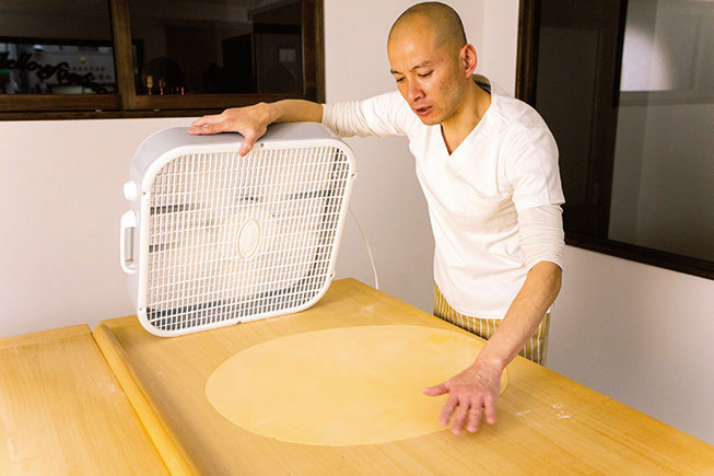 20 1mm以下の薄さに伸ばし、扇風機で2~3分風をあてる。余計な粉や不純物を掃いながら両面とも乾かす。
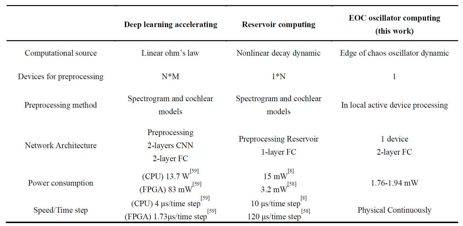 更引人注目的是,团队证明单个在混沌边缘区域工作的VO₂器件具有显著的频率敏感特性,能够直接进行频域特征提取。在语音识别任务中,仅凭单个器件的动力学响应即可实现92%的识别准确率,其性能相当于一个具有频域预处理功能的两层卷积神经网络。这意味着,单个混沌边缘器件可完成传统计算中需大量无源器件才能实现的任务,并额外具备了类似生物耳蜗的语音频域预处理功能。
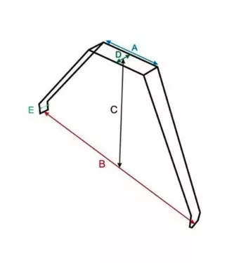 Méretek:A - 220 mmB - 560 mmC - 285 mmD - 50 mmE - 33 mmSúly: 346 g
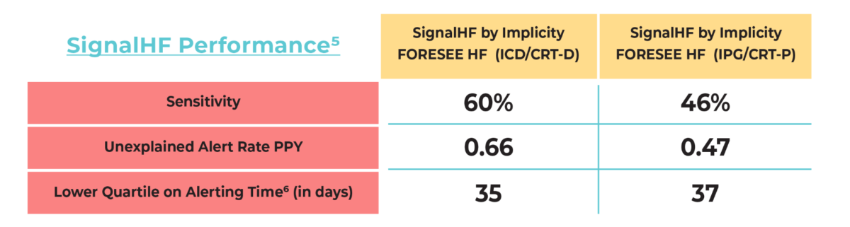 ¹SignalHF FDA cleared Class II medical device. Manufacturer: Implicity. The SignalHF System is intended for use by qualified healthcare professionals (HCP) managing patients over 18 years old who are receiving physiological monitoring for Heart Failure surveillance and implanted with a compatible Cardiac Implantable Electronic Devices (CIED) (i.e., compatible pacemakers, ICDs, and CRTs). The SignalHF System provides additive information to use in conjunction with standard clinical evaluation.
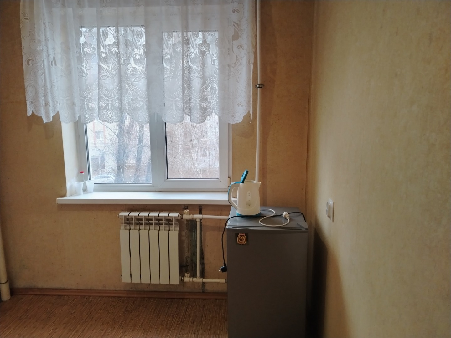 Площадь 31 кв.м,квартира угловая,но очень теплая и светлая,дополнительным бонусом идет два окна в комнате.

──────

• [Work item]: Could the data above be reproduced exactly, with the pictures left out?

• [Answer area]:
 20 1mm以下の薄さに伸ばし、扇風機で2~3分風をあてる。余計な粉や不純物を掃いながら両面とも乾かす。
 更引人注目的是,团队证明单个在混沌边缘区域工作的VO₂器件具有显著的频率敏感特性,能够直接进行频域特征提取。在语音识别任务中,仅凭单个器件的动力学响应即可实现92%的识别准确率,其性能相当于一个具有频域预处理功能的两层卷积神经网络。这意味着,单个混沌边缘器件可完成传统计算中需大量无源器件才能实现的任务,并额外具备了类似生物耳蜗的语音频域预处理功能。
 Méretek:A - 220 mmB - 560 mmC - 285 mmD - 50 mmE - 33 mmSúly: 346 g
 ¹SignalHF FDA cleared Class II medical device. Manufacturer: Implicity. The SignalHF System is intended for use by qualified healthcare professionals (HCP) managing patients over 18 years old who are receiving physiological monitoring for Heart Failure surveillance and implanted with a compatible Cardiac Implantable Electronic Devices (CIED) (i.e., compatible pacemakers, ICDs, and CRTs). The SignalHF System provides additive information to use in conjunction with standard clinical evaluation.
 Площадь 31 кв.м,квартира угловая,но очень теплая и светлая,дополнительным бонусом идет два окна в комнате.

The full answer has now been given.